Across America on an Emigrant Train
- Author: Jim Murphy
- Language: English
- Subject: Children's non-fiction, US history,
- Published: 1993 (Clarion Books)
- Publication place: USA
- Media type: Print (hardback)
- Pages: 150
- ISBN: 9780395633908
- OCLC: 27066884

= Across America on an Emigrant Train =

1993 book by Jim Murphy

Across America on an Emigrant Train is a 1993 children's history book by Jim Murphy.
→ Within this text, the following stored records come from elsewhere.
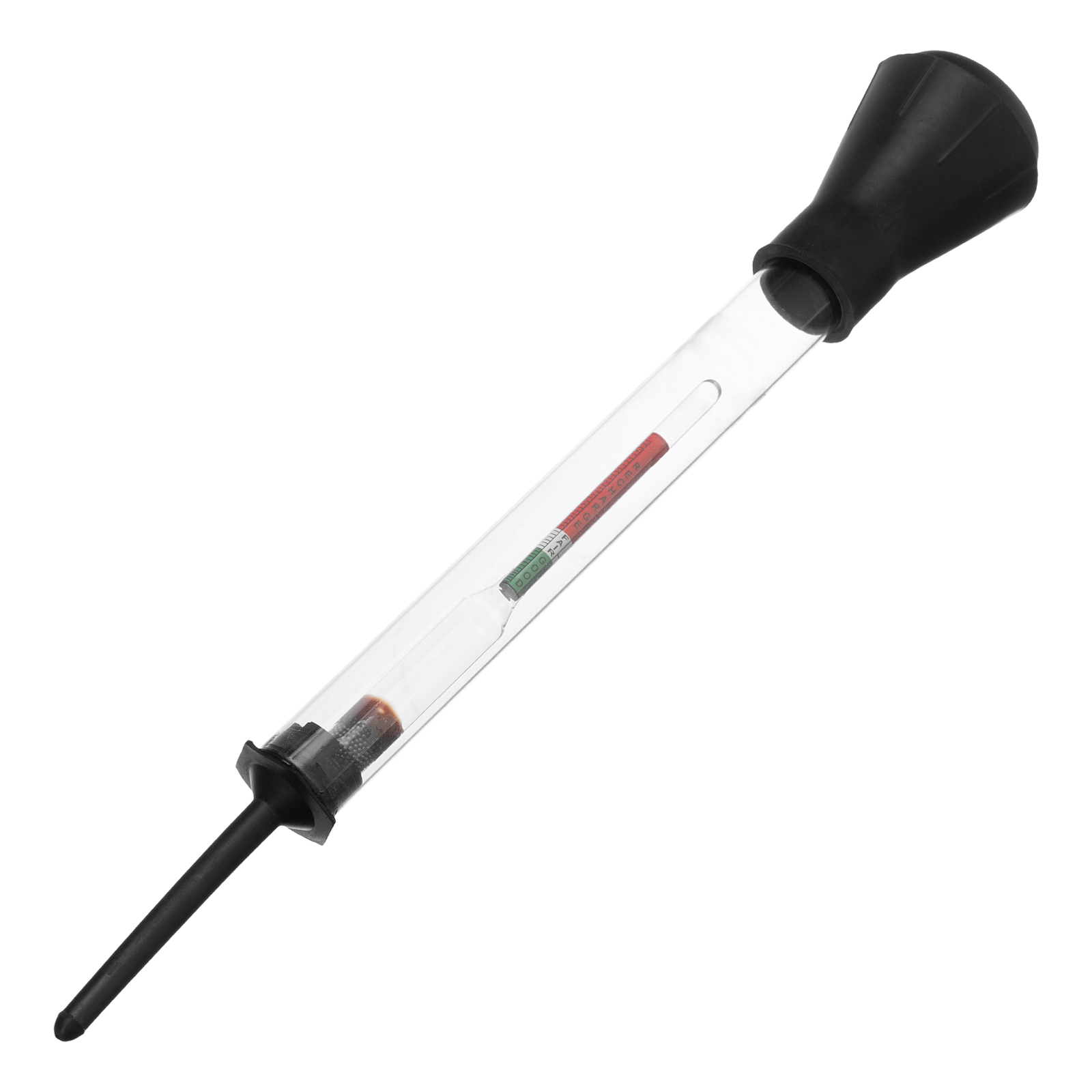 - Простота и точность замеров — цветная шкала с допустимыми значениями плотности помогает легко определить, нужно ли менять жидкость в аккумуляторе.
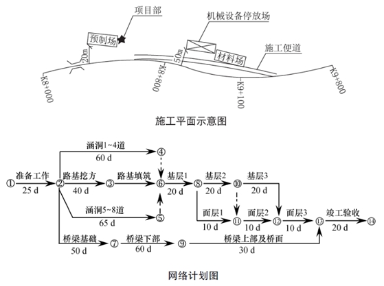 施工单位进场后,积极组织施工,并将路面分成三个段落组织流水作业,并绘制了施工平面布置示意图和网络计划,分别如下:
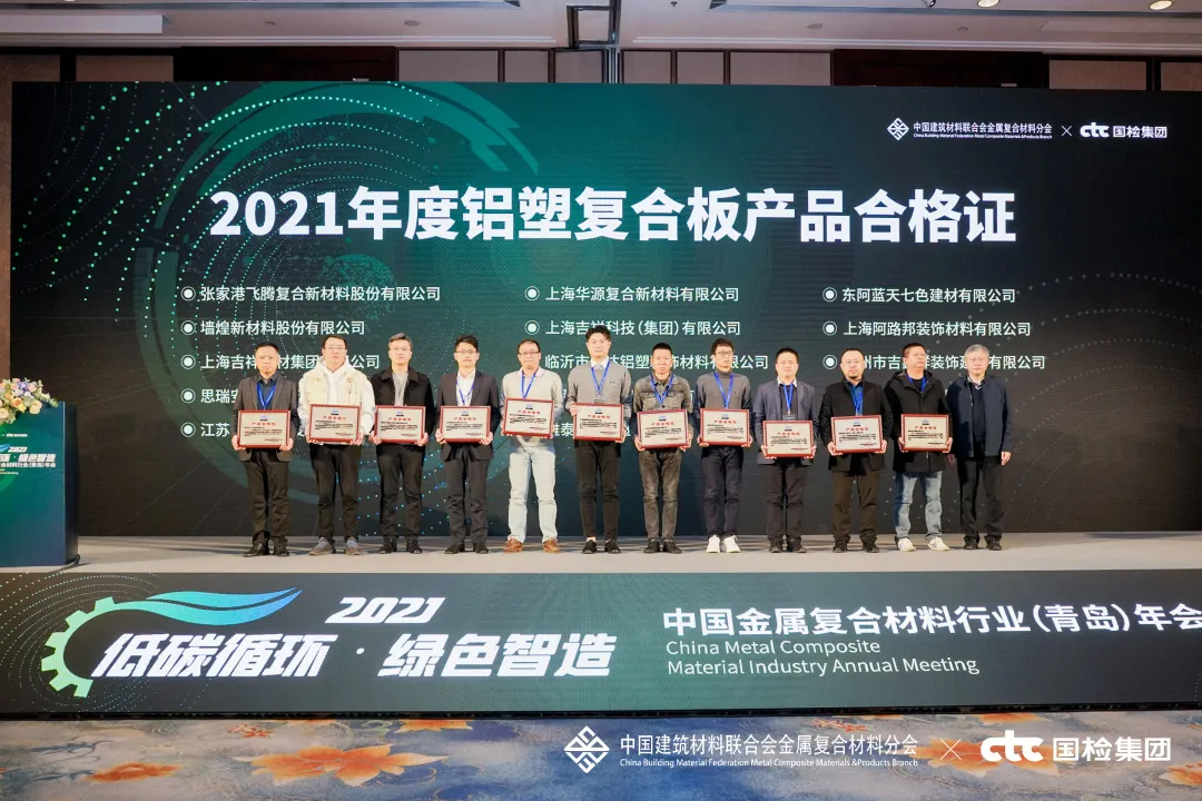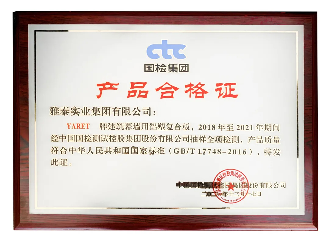 會上,對2021年度行業(yè)優(yōu)秀的產(chǎn)品與企業(yè)進(jìn)行了表彰頒獎——雅泰 YARET 牌鋁塑復(fù)合板,于2018年至2021年期間經(jīng)中國建材檢驗(yàn)認(rèn)證集團(tuán)股份有限公司抽樣全項(xiàng)檢測,產(chǎn)品質(zhì)量符合中華人民共和國國家標(biāo)準(zhǔn)(GB/T 17748-2016),榮獲2021年度CTC認(rèn)證產(chǎn)品合格證。
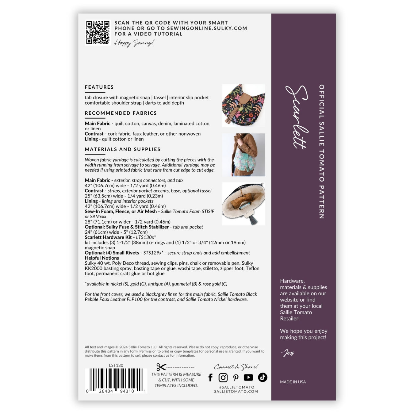 We are excited to collaborate with our friends at Sulky! The Scarlett Bag is a trendy, hobo style bag that is easy to sew! Jess designed this bag exclusively for Sulky of America. This bag features a tab closure with magnetic snap, tassel, interior slip pocket, comfortable shoulder strap, and darted bottom. The name of the pattern was inspired by one of my favorite classic movies, Gone with the Wind.
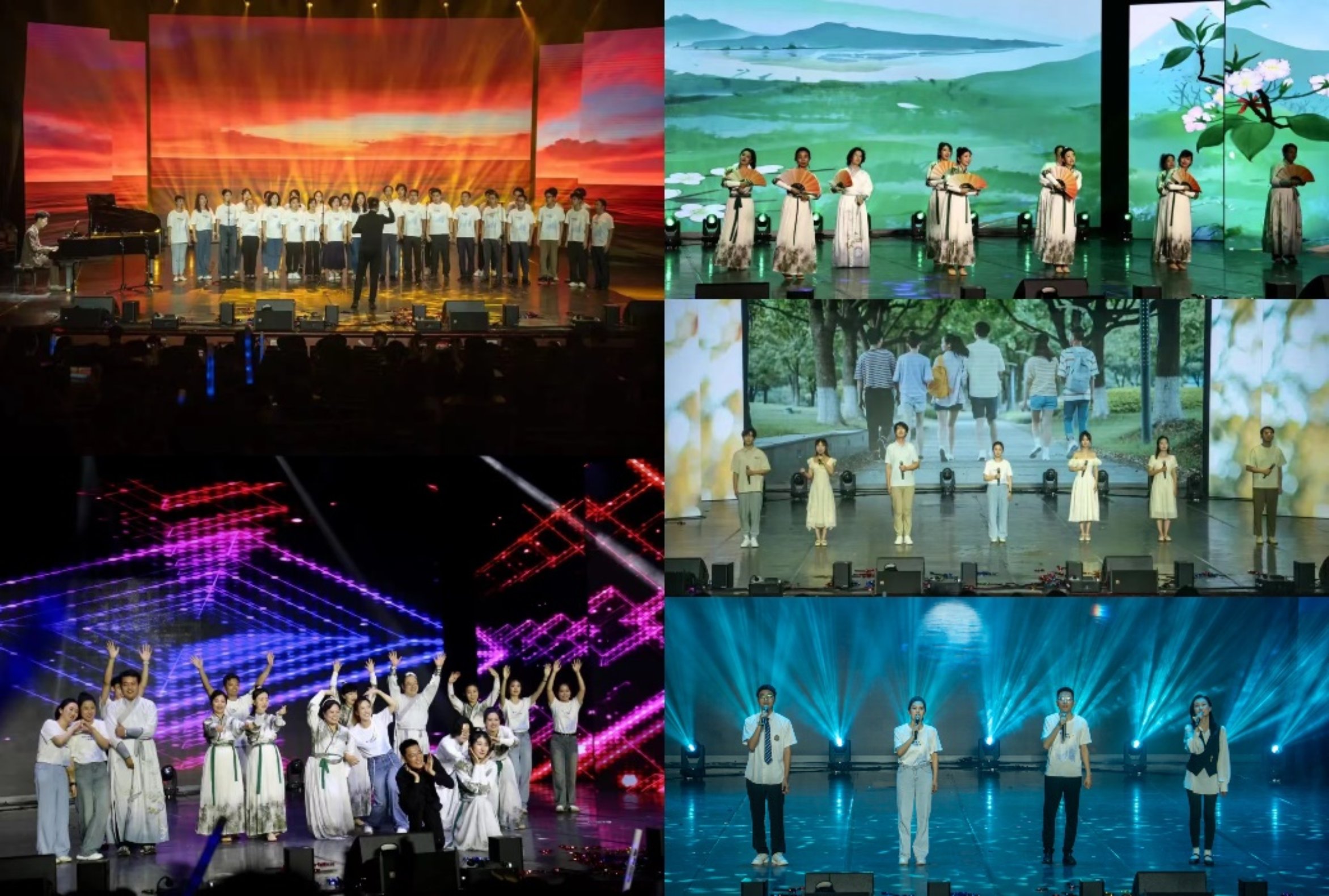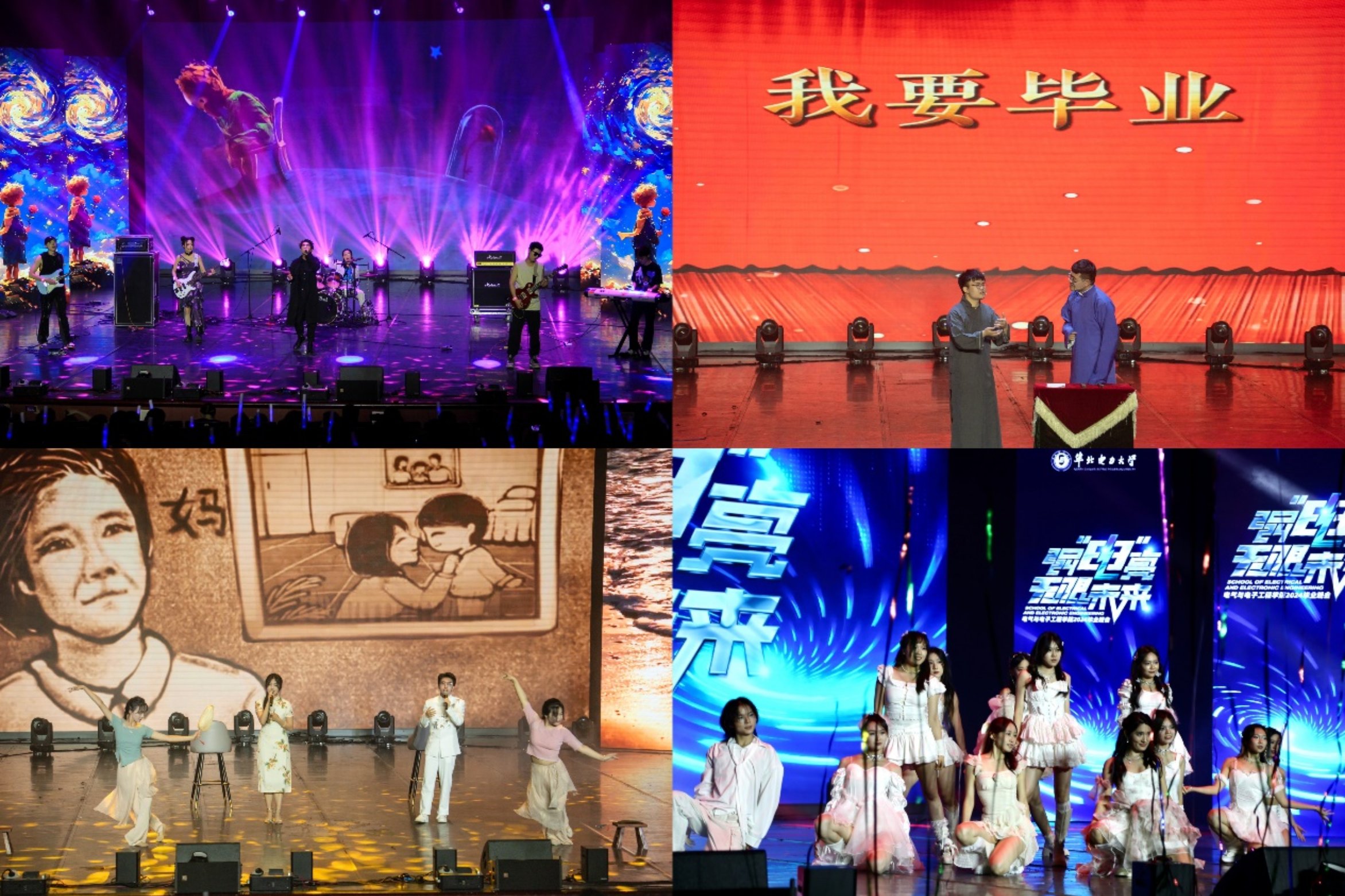 毕业61年的1963届校友金文龙先生向年轻的电院人送来自己的经验分享和毕业祝福;师生联唱表达了将坚强与希冀给未来的自己;民族管弦乐委约创作的《问情》首演,节奏明快,旋律动人心弦;唱跳节目kpop表达了乐此不疲追随日月星辰,终将实现理想;《我爱科研》诙谐幽默的朗诵词,表达了华电科研人们的乐观心态,笑对困难,由大四毕业生带来的双人舞向同学们表达了依依不舍的留恋。
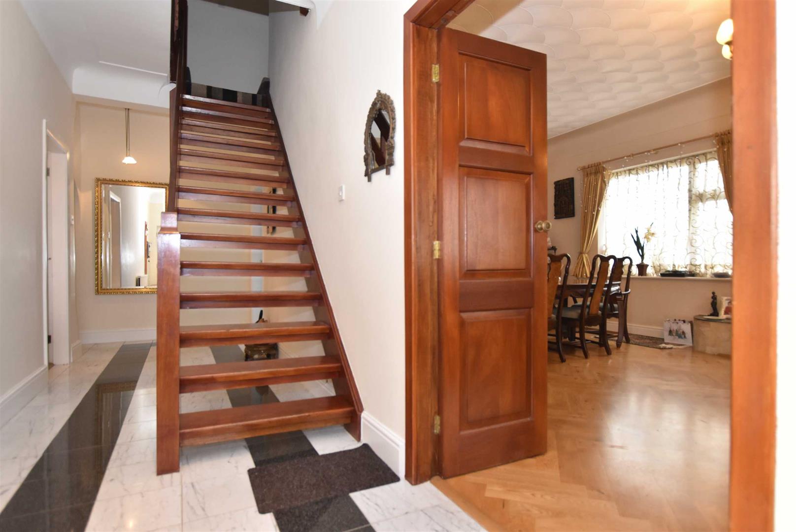 Featuring an attractive tiled floor, central staircase rising to the first floor landing, radiator, deep coving to ceiling, upvc tall side window, feature arch and double doors opening to the:
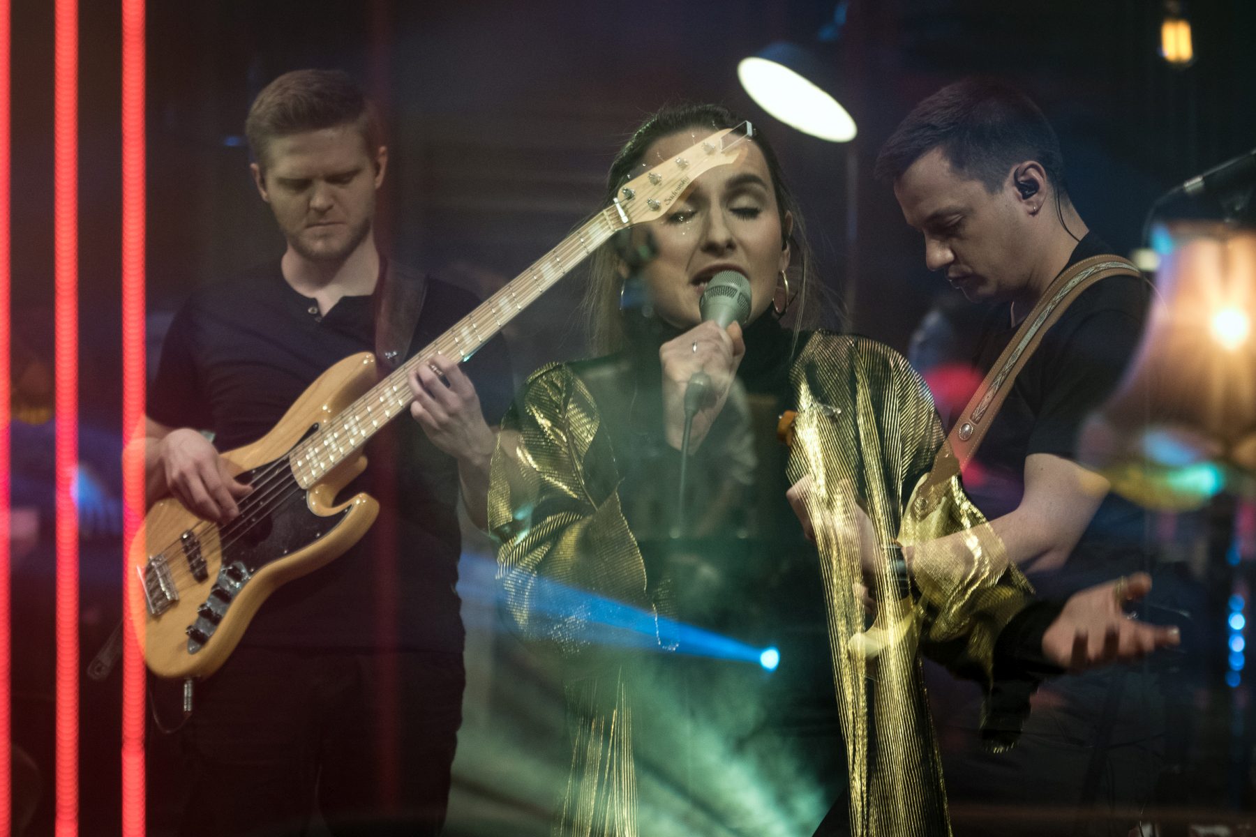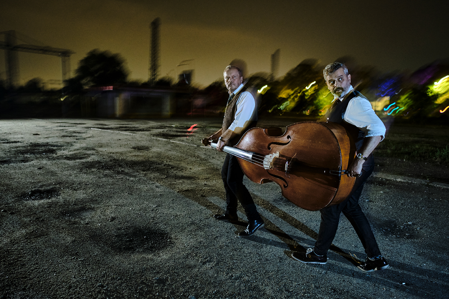 Adam Skrzypek z kontrabasem i Konrad Imiela z gitarą, śpiewający do mikrofonu na statywie.
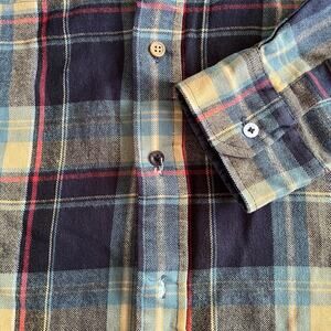 Vintage Sears Blue Red Plaid Long Sleeve Button Down Flannel Shirt 80s Mens L
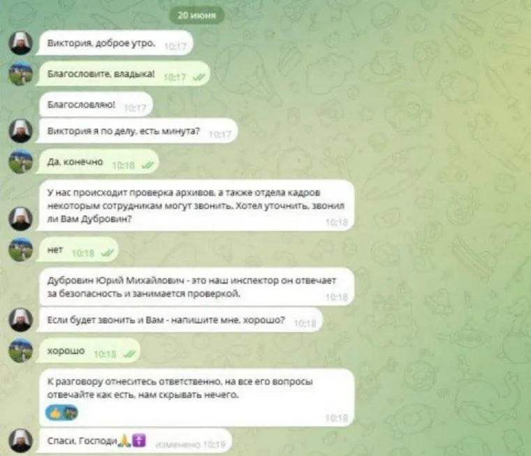 «Ни митрополит Алексий, ни духовенство никогда не звонит и не пишет никому с просьбой ответить на звонки неизвестных людей. Не просит сообщить пароли от своих банковских карт. Если вам поступило подобное сообщение, не вступайте в переписку и блокируйте эти контакты», — заявили в пресс-службе.
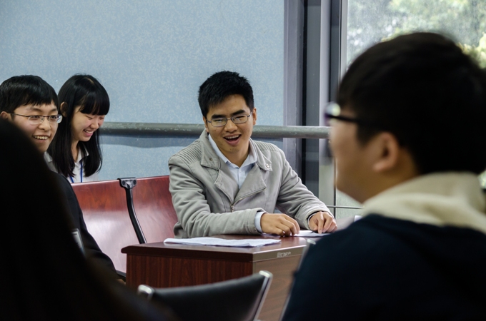 在会议开始前,虽松湖冷丝丝地下着雨,但是为了展现政法学院学生会朝气蓬勃和团结进取的精神,全体委员们都穿起正装,精神抖擞地进入会议室,等待着评委的考察。
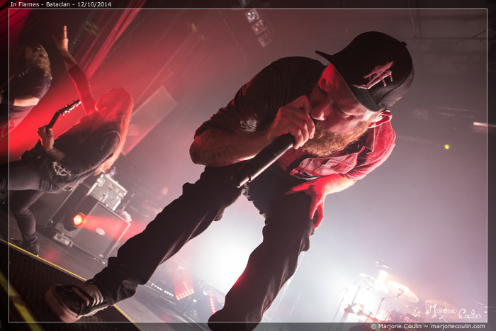 Toujours est-il que les patrons de la soirée se font attendre et c'est après un rapide changement de plateau qu'IN FLAMES débarque enfin sur scène. Les cinq comparses sont visiblement très en forme et une ambiance électrique se met rapidement en place. Anders Fridén se révèle en effet être non seulement en bonne forme mais également d'humeur taquine. Se pliant littéralement sur son micro comme à son habitude, son timbre de voix si particulier résonne dans tout le Bataclan avec une justesse appréciable.
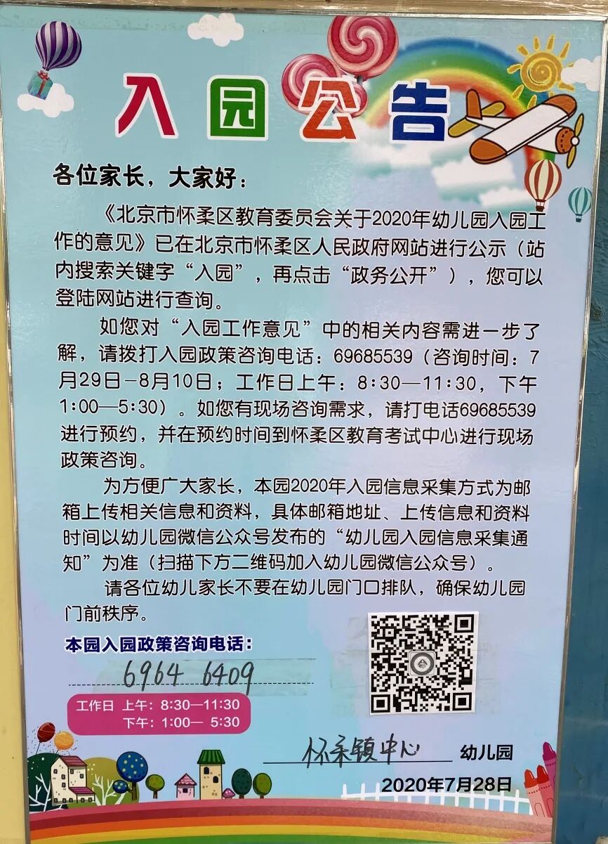 (三)各幼儿园要严格执行《北京市怀柔区教育委员会关于2020年幼儿园入园工作的意见》,制定本园入园工作实施方案,在明显位置张贴幼儿园入园公告,公示入园相关内容及要求。

It is based on Robert Louis Stevenson's 1879 journey from New York City to California.

==Reception==
Booklist, in a review of Across America, wrote "Murphy's style is plain" and concluded "The experience of ordinary people revitalizes the myths of the West." School Library Journal wrote "Murphy has drawn from the writer's (Stevenson) journal to provide a fresh, primary-source account of transcontinental train travel at that time." and "has woven meticulously researched, absorbing accounts of the building of the railroad and its effect on the territory it crossed .. it is a readable and valuable contribution to literature concerning expansion into the American West" Kirkus Reviews called it "A fascinating, imaginatively structured account that brings the experience vividly to life in all its detail: history at its best."

The Cooperative Children's Book Center found it a "fascinating documentary of westward expansion". and Horn Book Guide a "vivid account" and an "inviting volume".